Can your landlord make you responsible for maintenance?
The tenant claims the landlord wanted her to fix the broken furnace; the landlord says she only wanted the tenant to pay a $125 service fee.
ATLANTA, Ga. (Atlanta News First) - When LaToya Copeland signed a lease for a house in Hampton, Georgia, she missed an important clause. The landlords, a couple living out of state who actually owned the house, included this requirement:
“Tenant will be responsible for all maintenance after the first 30 days.”
But what does “all maintenance” mean, and is the clause legal under Georgia Law?
When Copeland told her landlords about a broken furnace, she claimed the couple wanted her to pay for the repairs.
Copeland also said the couple blames her for not dripping the faucets during January’s record freeze.
Atlanta News First Investigates showed the leasing agreement to a tenant’s rights attorney with Atlanta Legal Aid.
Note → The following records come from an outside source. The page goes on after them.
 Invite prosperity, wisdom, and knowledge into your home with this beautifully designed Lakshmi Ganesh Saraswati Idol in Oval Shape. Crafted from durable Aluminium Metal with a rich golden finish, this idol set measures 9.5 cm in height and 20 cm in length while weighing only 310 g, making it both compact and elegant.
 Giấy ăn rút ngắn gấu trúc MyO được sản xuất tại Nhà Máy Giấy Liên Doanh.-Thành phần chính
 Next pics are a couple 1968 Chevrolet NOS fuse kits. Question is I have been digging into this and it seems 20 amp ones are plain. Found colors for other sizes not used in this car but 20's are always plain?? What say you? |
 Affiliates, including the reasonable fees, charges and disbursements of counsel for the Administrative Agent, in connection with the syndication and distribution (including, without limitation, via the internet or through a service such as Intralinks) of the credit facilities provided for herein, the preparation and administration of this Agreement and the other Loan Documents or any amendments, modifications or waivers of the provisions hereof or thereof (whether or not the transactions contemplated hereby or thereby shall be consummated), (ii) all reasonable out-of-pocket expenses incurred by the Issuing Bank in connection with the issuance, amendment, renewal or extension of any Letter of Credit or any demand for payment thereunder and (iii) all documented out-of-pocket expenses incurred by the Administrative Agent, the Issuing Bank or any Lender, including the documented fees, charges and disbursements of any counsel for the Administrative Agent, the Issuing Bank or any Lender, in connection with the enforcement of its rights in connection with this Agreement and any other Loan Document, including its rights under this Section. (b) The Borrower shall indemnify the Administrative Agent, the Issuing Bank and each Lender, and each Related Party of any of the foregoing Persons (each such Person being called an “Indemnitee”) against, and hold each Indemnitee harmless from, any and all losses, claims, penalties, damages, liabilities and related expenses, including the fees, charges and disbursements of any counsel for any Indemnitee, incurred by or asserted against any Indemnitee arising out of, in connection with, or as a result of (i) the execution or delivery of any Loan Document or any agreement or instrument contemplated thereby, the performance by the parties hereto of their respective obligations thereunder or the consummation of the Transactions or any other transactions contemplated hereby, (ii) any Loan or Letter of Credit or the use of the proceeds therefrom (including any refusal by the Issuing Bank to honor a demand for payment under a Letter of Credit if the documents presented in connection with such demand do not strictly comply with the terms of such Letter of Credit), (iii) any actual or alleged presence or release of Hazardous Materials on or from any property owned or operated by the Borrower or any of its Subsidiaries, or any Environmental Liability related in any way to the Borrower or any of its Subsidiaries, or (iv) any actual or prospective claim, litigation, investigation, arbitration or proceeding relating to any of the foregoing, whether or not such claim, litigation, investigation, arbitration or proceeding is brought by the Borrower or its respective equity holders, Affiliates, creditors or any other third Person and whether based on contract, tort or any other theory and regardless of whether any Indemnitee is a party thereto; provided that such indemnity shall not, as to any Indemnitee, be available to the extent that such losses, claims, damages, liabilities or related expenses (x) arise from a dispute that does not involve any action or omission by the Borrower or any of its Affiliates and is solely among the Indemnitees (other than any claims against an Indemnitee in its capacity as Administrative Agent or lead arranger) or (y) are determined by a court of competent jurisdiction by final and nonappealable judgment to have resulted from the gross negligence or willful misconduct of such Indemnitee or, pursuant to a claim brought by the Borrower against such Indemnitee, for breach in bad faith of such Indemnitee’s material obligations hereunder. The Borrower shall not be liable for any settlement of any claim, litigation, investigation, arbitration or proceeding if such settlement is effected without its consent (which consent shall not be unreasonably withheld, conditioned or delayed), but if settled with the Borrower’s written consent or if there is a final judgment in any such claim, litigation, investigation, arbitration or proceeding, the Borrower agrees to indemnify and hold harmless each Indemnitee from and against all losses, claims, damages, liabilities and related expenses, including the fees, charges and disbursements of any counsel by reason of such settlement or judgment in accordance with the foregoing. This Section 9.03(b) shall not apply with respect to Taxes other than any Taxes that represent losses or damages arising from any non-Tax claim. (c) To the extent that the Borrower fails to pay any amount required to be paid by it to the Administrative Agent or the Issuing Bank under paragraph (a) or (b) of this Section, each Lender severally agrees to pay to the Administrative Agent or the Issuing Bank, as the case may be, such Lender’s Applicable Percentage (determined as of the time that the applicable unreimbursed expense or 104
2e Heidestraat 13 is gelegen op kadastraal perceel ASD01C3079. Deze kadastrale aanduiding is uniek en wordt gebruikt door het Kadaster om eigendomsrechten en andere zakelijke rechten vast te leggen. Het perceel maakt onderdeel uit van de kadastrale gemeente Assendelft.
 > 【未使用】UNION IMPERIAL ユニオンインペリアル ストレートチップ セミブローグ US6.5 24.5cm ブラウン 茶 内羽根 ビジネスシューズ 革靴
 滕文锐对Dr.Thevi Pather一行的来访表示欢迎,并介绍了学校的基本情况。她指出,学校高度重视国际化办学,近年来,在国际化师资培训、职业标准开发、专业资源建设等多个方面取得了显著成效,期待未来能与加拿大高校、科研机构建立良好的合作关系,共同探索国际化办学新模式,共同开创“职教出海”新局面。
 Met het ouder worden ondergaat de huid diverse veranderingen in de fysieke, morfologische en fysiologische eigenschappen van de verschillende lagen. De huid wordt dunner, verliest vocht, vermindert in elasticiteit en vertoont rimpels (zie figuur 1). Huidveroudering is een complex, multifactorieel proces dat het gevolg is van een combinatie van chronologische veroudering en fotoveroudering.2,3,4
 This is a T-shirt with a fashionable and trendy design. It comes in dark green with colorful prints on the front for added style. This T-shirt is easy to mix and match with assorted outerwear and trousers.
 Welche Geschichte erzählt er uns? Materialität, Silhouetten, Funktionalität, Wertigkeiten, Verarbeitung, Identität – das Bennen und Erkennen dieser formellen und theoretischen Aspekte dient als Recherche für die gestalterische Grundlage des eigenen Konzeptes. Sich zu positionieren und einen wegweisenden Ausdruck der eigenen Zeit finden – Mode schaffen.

Erin Willoughby said Georgia Law isn’t clear on many landlord-tenant issues. However, “one place where it is quite clear is that landlords have a non-delegable duty to make necessary repairs that they are aware of,” Willoughby said.
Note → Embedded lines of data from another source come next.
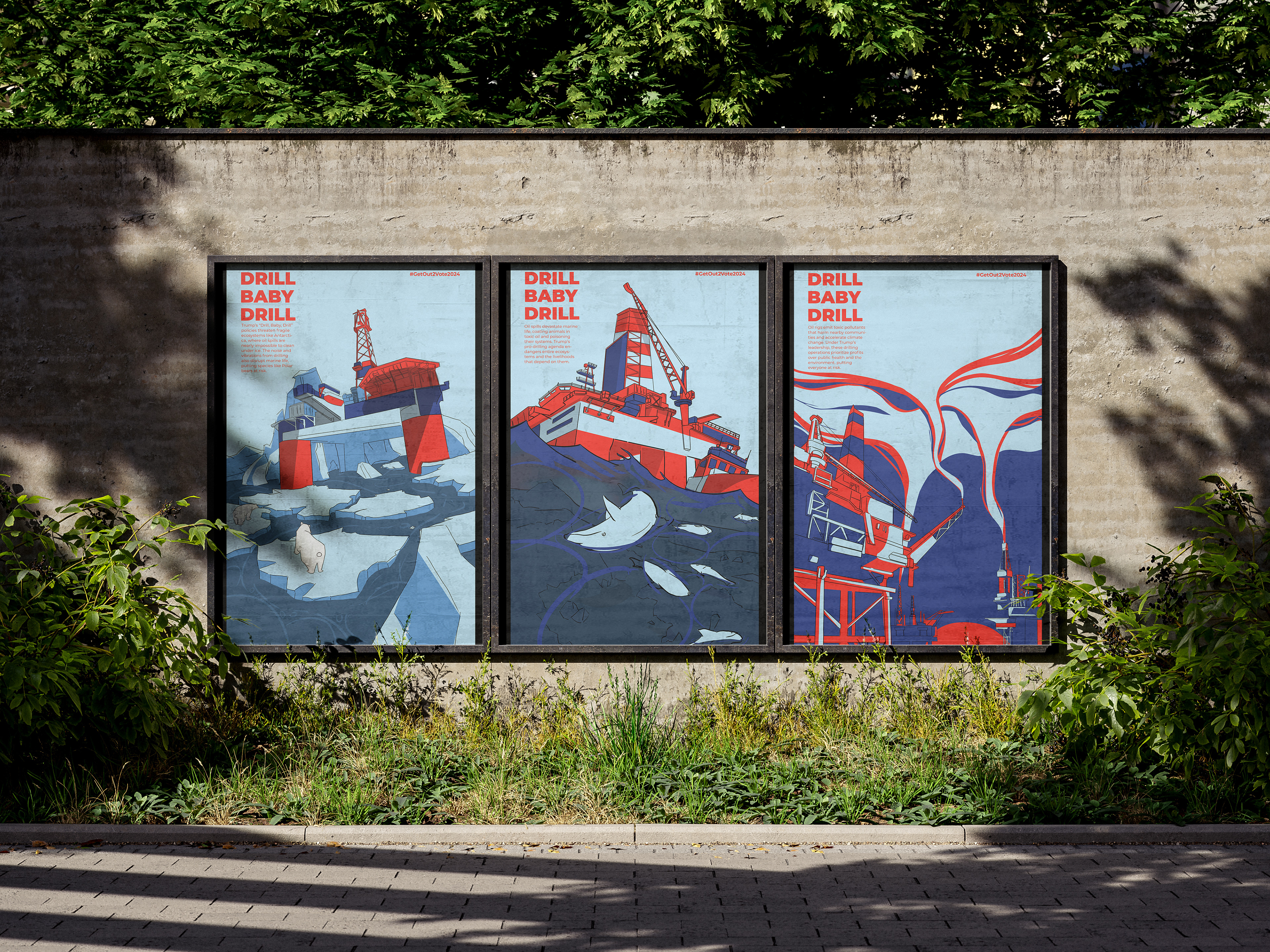 A three-part poster series critiquing Trump’s “Drill, Baby, Drill” policies by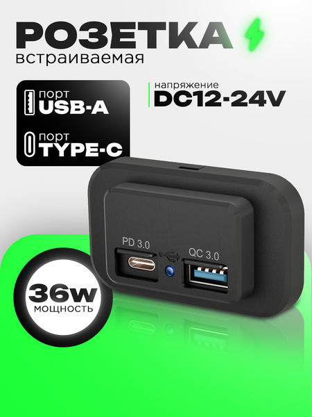 Встраиваемая розетка USB 36W 1-1 Type C - это идеальное решение для тех, кто ищет надежный и удобный способ зарядки своих устройств в автомобиле, квадроцикле, яхте или лодке. Эта розетка подключается к бортовой сети 12/24 В и имеет общую мощность 36 Вт. Она позволяет заряжать до двух устройств одновременно, что очень удобно для тех, кому нужно быстро пополнить заряд своих гаджетов во время поездки. Розетка USB 36W 1-1 Type C также имеет несколько портов зарядки, что позволяет заряжать различные устройства, такие как смартфоны, планшеты, ноутбуки и другие гаджеты. Кроме того, она имеет защитные колпачки, которые предотвращают попадание пыли и грязи внутрь розетки. Эта розетка USB 36W 1-1 Type C была разработана специально для тех, кто занимается установкой автомобильных аксессуаров и аксессуаров для лодок. Она является официальной продукцией от производителя и поставляется напрямую с завода-изготовителя. Таким образом, если вы ищете надежную розетку USB для своего автомобиля, квадроцикла, яхты или лодки, то Розетка USB 36W 1-1 Type C от нашего бренда - это отличный выбор. Она имеет высокую мощность, несколько портов зарядки и защитные колпачки. Благодаря своей универсальности и надежности, она станет незаменимым аксессуаром для любого автолюбителя.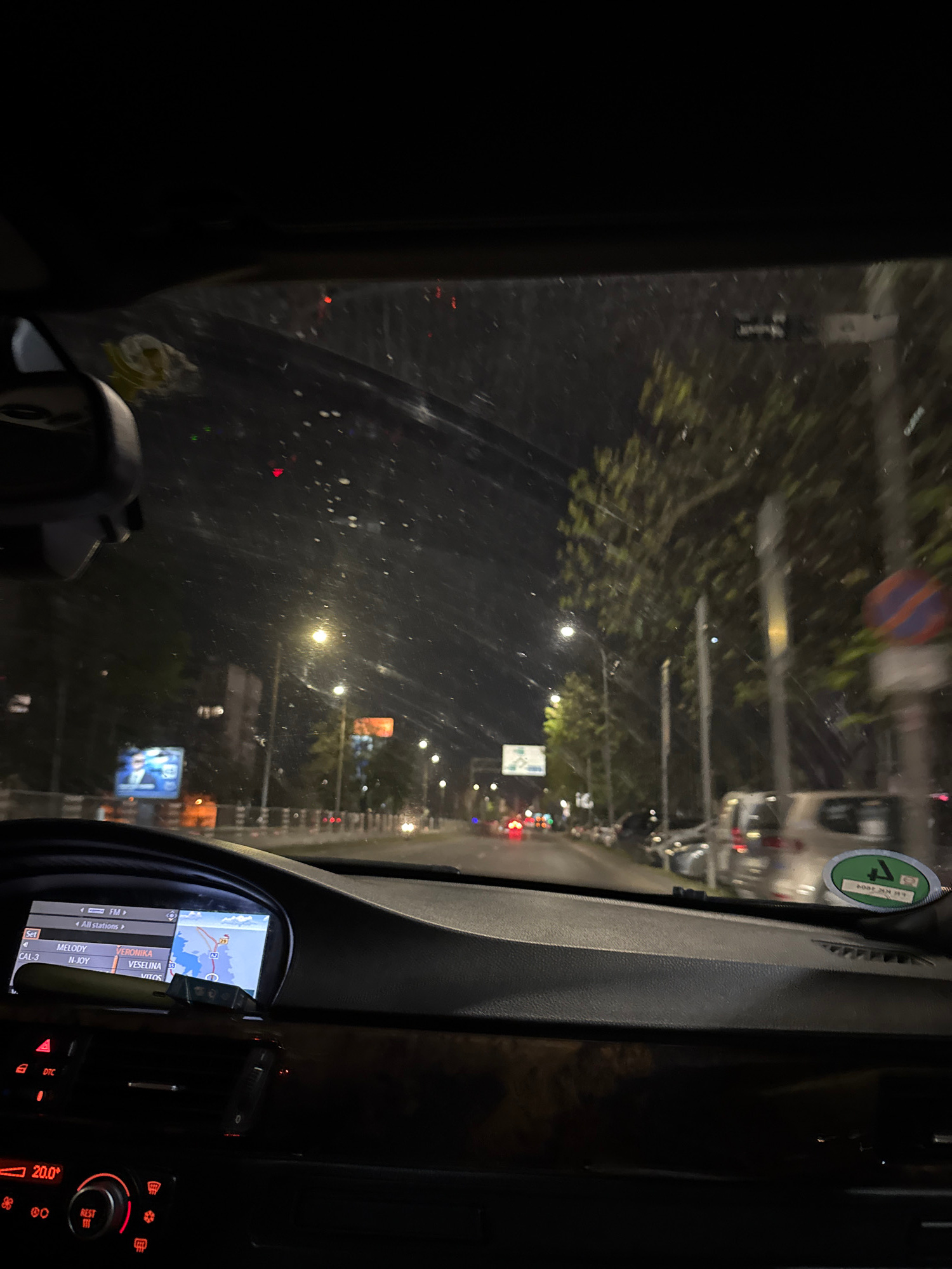 The media file presents a first-person perspective from inside a car, looking out through the windshield at night. The scene captures a city street illuminated by numerous streetlights and distant veh…read more

TiaCiara McNair said she never intended to make Copeland responsible for repairs but did want her to pay her home warranty’s $125 service charge.
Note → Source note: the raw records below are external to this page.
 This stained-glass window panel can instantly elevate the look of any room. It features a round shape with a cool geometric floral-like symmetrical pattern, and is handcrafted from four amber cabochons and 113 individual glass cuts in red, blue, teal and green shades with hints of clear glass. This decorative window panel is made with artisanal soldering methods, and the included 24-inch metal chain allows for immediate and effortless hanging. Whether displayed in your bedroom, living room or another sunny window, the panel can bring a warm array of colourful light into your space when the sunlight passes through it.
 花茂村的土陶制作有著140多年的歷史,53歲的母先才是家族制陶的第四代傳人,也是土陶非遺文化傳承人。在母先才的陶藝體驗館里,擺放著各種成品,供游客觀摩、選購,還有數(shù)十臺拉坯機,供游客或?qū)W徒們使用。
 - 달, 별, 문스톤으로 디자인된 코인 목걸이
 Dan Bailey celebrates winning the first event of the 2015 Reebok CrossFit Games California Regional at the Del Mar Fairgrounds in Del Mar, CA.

“And then every time there’s an issue, and something needs to be done, she always has something going on with her schedule,” McNair claimed.
Willoughby said because Georgia Law requires landlords to maintain the property, and the requested $125 service charge was not included in the lease, the landlord has no right to ask for it.
One thing all leases require is payment on the first of the month. McNair said Copeland was repeatedly late but caught up in December. Then, in January, Copelan, withheld rent to get the requested repairs.
Willoughby said withholding rent is the worst thing a tenant can do because it allows the landlord to file for eviction.
Here are the takeaways from this story:
- Tenants need to consider the consequences of withholding rent because landlords will file to evict. Hiring a repairer and deducting rent is legal, but experts said the landlord will most likely reject the payment and file for eviction anyway.
- If the tenant has the means, a better option is to “Repair and Sue” in small claims.
- The best option, though, is compromising. Neither side wants to end up in court: the landlord loses income waiting for a hearing, and the tenant gets an eviction on their credit, making it difficult to rent again.
Copeland’s landlords gave her a few days to pay January’s rent but said she decided not to pay. They offered to let her break the lease and return one-half of her deposit, but Copeland declined.
Copeland texted Atlanta New First, “Thank you for your help and advice.” She said she will take her chances in court.